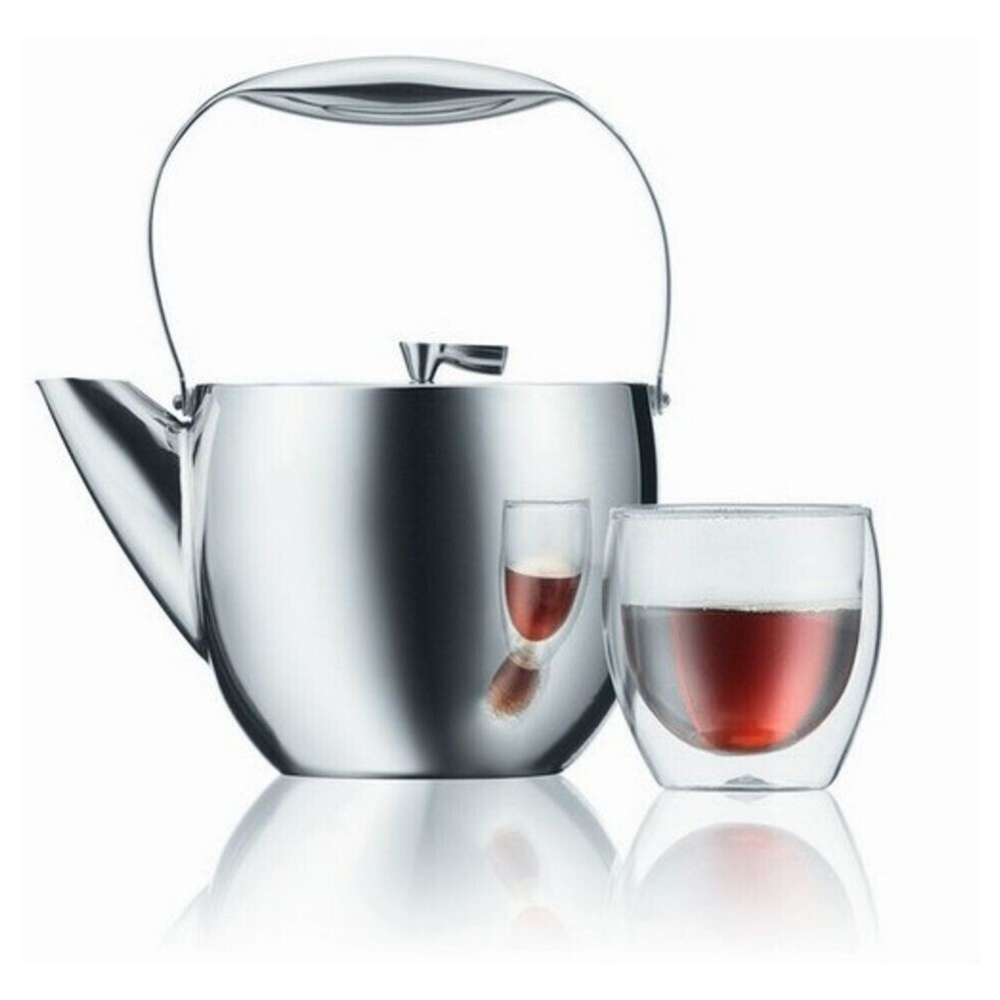A teafőző teljes egészében rozsdamentes acélból készül, amely ellenálló a korrózióval és a mindennapos használat okozta igénybevétellel szemben. A duplafalú szerkezet termoszként viselkedik: a tea hosszabb ideig marad meleg, miközben a külső fal kevésbé forrósodik át, így komfortosabb a fogása. Az ezüstszínű, letisztult forma illik modern, minimalista és klasszikus konyhákba is, az asztalon pedig stílusos szervírozó edényként funkcionál.
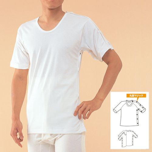 丸型マジック付きワンタッチ肌着。腕、肩の骨折や打身の治療中の方や診察や点滴時に便利。 ※肌ざわりの良い高級エジプト綿を使用。
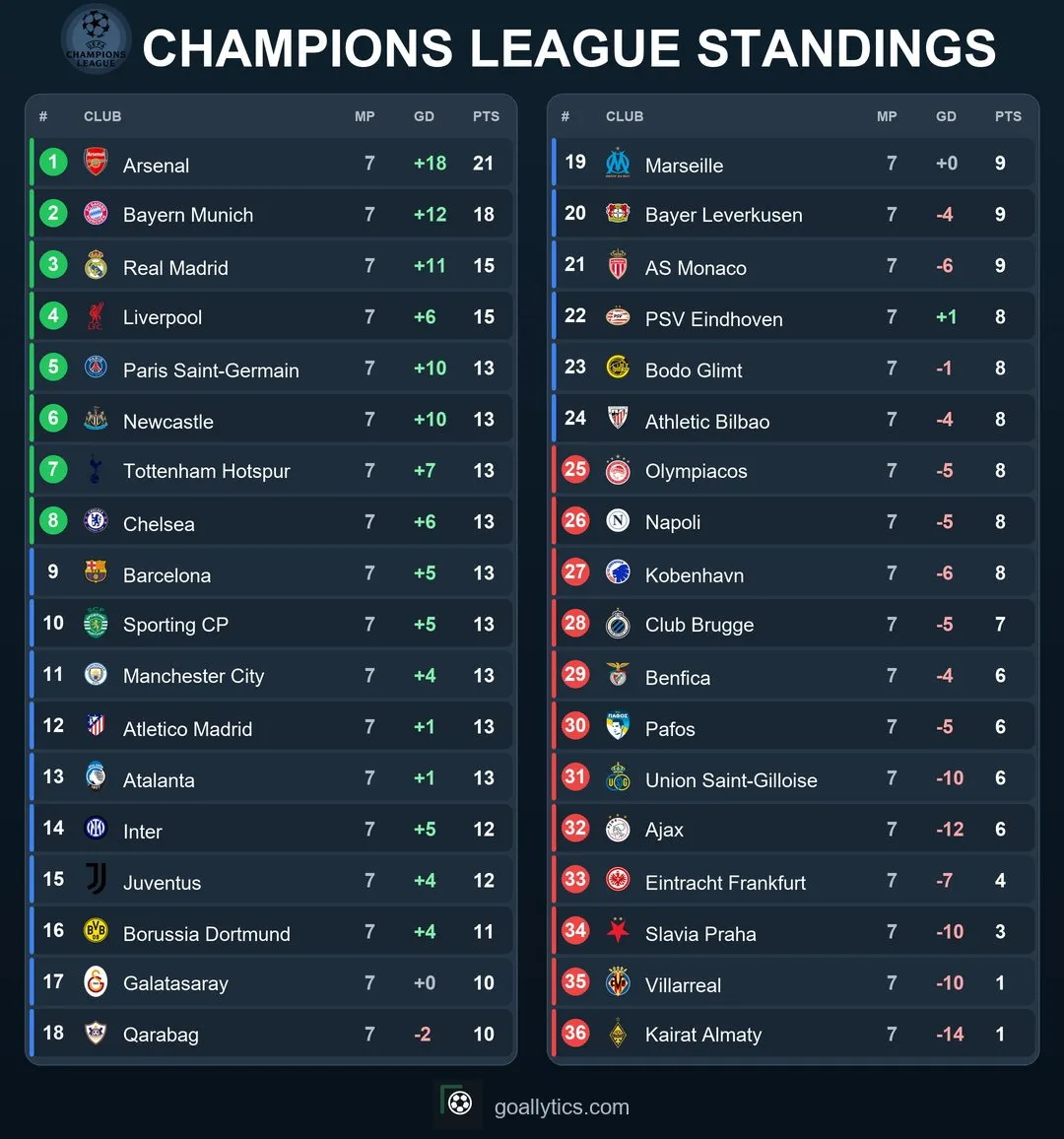 Сьогодні, 21 січня, відбулися заключні матчі сьомого туру основного етапу Ліги чемпіонів. За тур до його завершення відомі 15 з 24 учасників плей-оф. При цьому тільки лондонський Арсенал і мюнхенська Баварія отримали прямі путівки відразу до 1/8 фіналу.
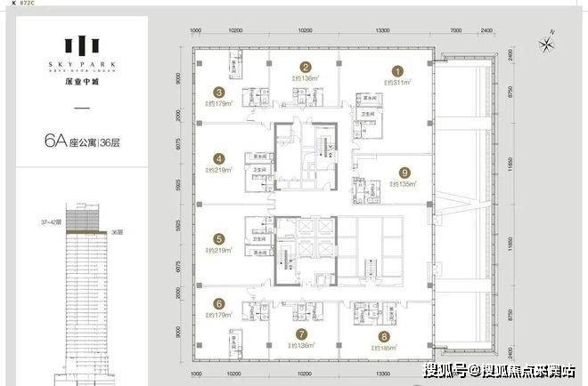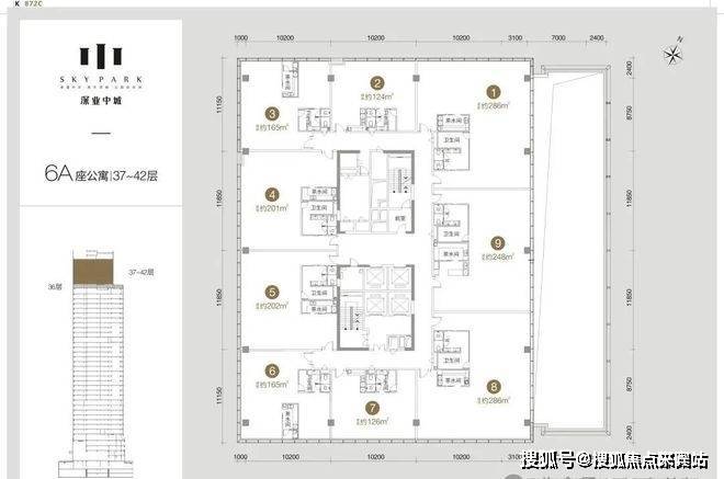 6A栋户型和分布:总高度184米,总高42层,1-4楼商业,5楼花园,6-34楼写字楼(现为华为荣耀办公楼),36-42层正在售的商务公寓,面积:124-126-165-202-248-286
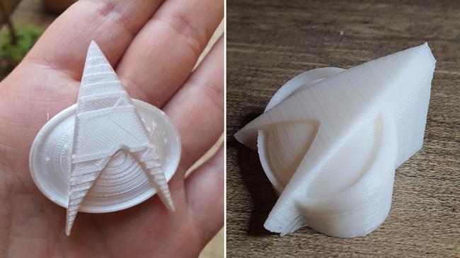 Con la Anycubic Mega S ho stampato questo badge in orizzontale, ma gli ultimi strati del "delta" sono venuti molto scalettati. In quel punto l'oggetto è leggermente curvato. Dietro consiglio di utenti di un altro tipo di forum ho provato a stamparlo inclinato di 30° e con il supporto. La stampa è migliore sulla superficie del delta ma peggiore sul resto del pezzo e togliere tutto quel supporto da un pezzo così piccolo è peggio che carteggiare e stuccare il difetto del pezzo stampato orizzontale. Purtroppo i filamenti sono diversi, nel primo caso ho usato il campione fornito da Anycubic e il secondo, quello inclinato è stato fatto con un Sunlu bianco. Stampa a 0.2 riempimento 25, gli altri parametri sono quelli di default che mi da Cura. Che consiglio potete darmi per una stampa di questo tipo? Cura da la possibilità di intervenire sugli ultimi strati per limitare il problema? -
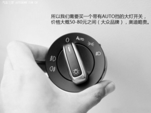大家都知道,原厂没带自动大灯的车型,大灯开关一定不带AUTO挡,所以一般情况下,我们需要另购一个带有AUTO挡的大灯控制开关。但万事无绝对,目前一些厂家生产的自动大灯控制模块可以默认关闭挡为AUTO挡,从而为车主省下购买大灯控制开关的成本,不过我们还是建议大家直接购买一个新的带有AUTO挡的大灯控制开关,这样可以有机会绝对关闭大灯。
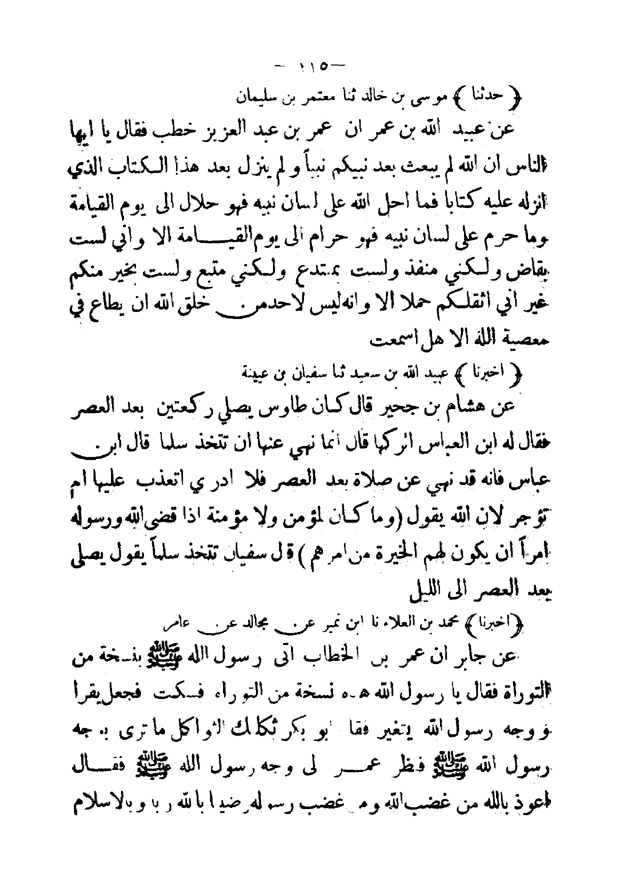 (حدثنا) موسى بن خالد ثنا معتمر بن سليمان عن عبيد الله بن عمران عمر بن عبد العزيز خطب فقال يا ايها الناس ان الله لم يبعث بعد نبيكم نبيا ولم ينزل بعد هذا الكتاب الذي انزله عليه كتابا فما احل الله على لسان نبيه فهو حلال إلى يوم القيامة وما حرم على لسان نبيه فهو حرام إلى يوم القيامة الا واني لست بقاض ولكني منفذ ولست بمبتدع ولكني متبع ولست بخير منكم غير اني اثقلكم حملا الا وانه ليس لاحد من خلق الله ان يطاع في معصية الله الا هل اسمعت
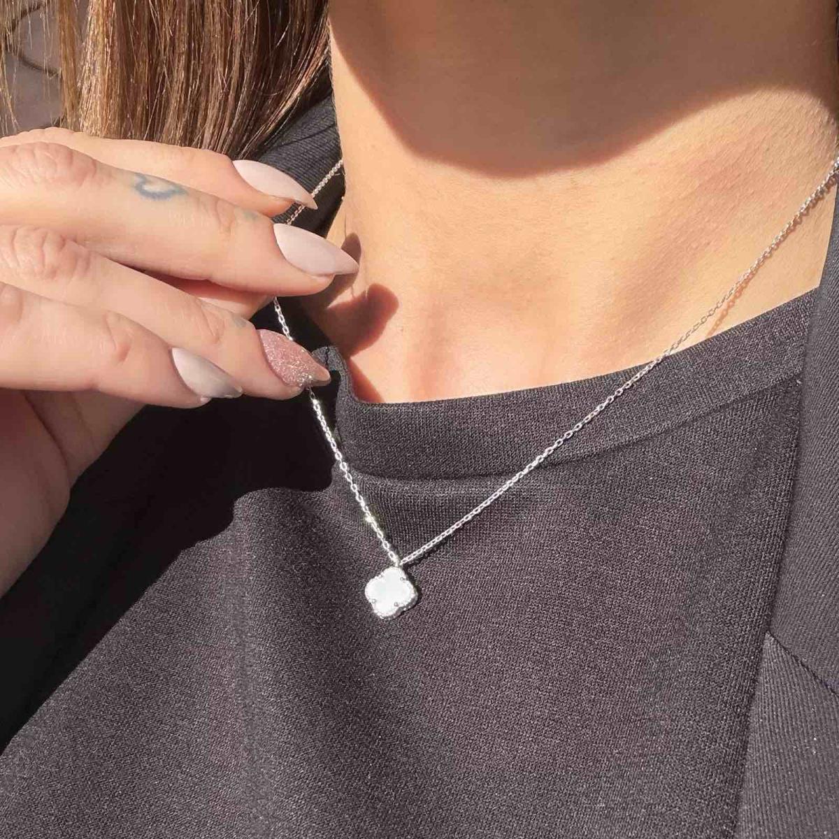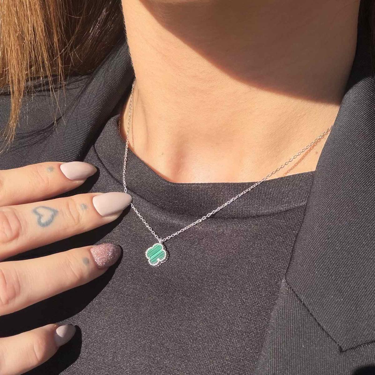 Елегантно и стилно колие, изработено от сребро проба 925, което впечатлява със своя фин дизайн. Вдъхновено от класическите форми на природата, One Cleef е символ на изящество и хармония. Подходящо е както за ежедневието, така и за специални поводи.
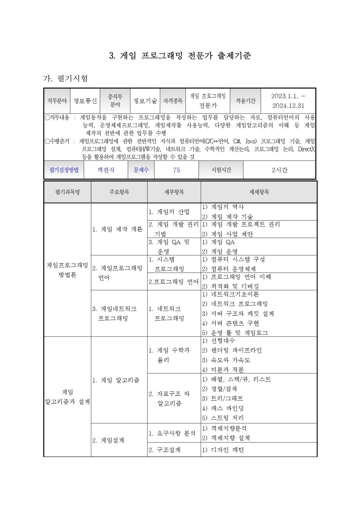 2023년~2024년까지 적용될 게임국가기술자격검정 출제기준을 잘 참고하시기 바랍니다.
^^^^
Retype each line of the data exactly, beginning with the first; include the line containing "大家都知道,原厂没带自动大灯" and stop there, skipping every picture.

A teafőző teljes egészében rozsdamentes acélból készül, amely ellenálló a korrózióval és a mindennapos használat okozta igénybevétellel szemben. A duplafalú szerkezet termoszként viselkedik: a tea hosszabb ideig marad meleg, miközben a külső fal kevésbé forrósodik át, így komfortosabb a fogása. Az ezüstszínű, letisztult forma illik modern, minimalista és klasszikus konyhákba is, az asztalon pedig stílusos szervírozó edényként funkcionál.
 丸型マジック付きワンタッチ肌着。腕、肩の骨折や打身の治療中の方や診察や点滴時に便利。 ※肌ざわりの良い高級エジプト綿を使用。
 Сьогодні, 21 січня, відбулися заключні матчі сьомого туру основного етапу Ліги чемпіонів. За тур до його завершення відомі 15 з 24 учасників плей-оф. При цьому тільки лондонський Арсенал і мюнхенська Баварія отримали прямі путівки відразу до 1/8 фіналу.
 6A栋户型和分布:总高度184米,总高42层,1-4楼商业,5楼花园,6-34楼写字楼(现为华为荣耀办公楼),36-42层正在售的商务公寓,面积:124-126-165-202-248-286
 Con la Anycubic Mega S ho stampato questo badge in orizzontale, ma gli ultimi strati del "delta" sono venuti molto scalettati. In quel punto l'oggetto è leggermente curvato. Dietro consiglio di utenti di un altro tipo di forum ho provato a stamparlo inclinato di 30° e con il supporto. La stampa è migliore sulla superficie del delta ma peggiore sul resto del pezzo e togliere tutto quel supporto da un pezzo così piccolo è peggio che carteggiare e stuccare il difetto del pezzo stampato orizzontale. Purtroppo i filamenti sono diversi, nel primo caso ho usato il campione fornito da Anycubic e il secondo, quello inclinato è stato fatto con un Sunlu bianco. Stampa a 0.2 riempimento 25, gli altri parametri sono quelli di default che mi da Cura. Che consiglio potete darmi per una stampa di questo tipo? Cura da la possibilità di intervenire sugli ultimi strati per limitare il problema? -
大家都知道,原厂没带自动大灯的车型,大灯开关一定不带AUTO挡,所以一般情况下,我们需要另购一个带有AUTO挡的大灯控制开关。但万事无绝对,目前一些厂家生产的自动大灯控制模块可以默认关闭挡为AUTO挡,从而为车主省下购买大灯控制开关的成本,不过我们还是建议大家直接购买一个新的带有AUTO挡的大灯控制开关,这样可以有机会绝对关闭大灯。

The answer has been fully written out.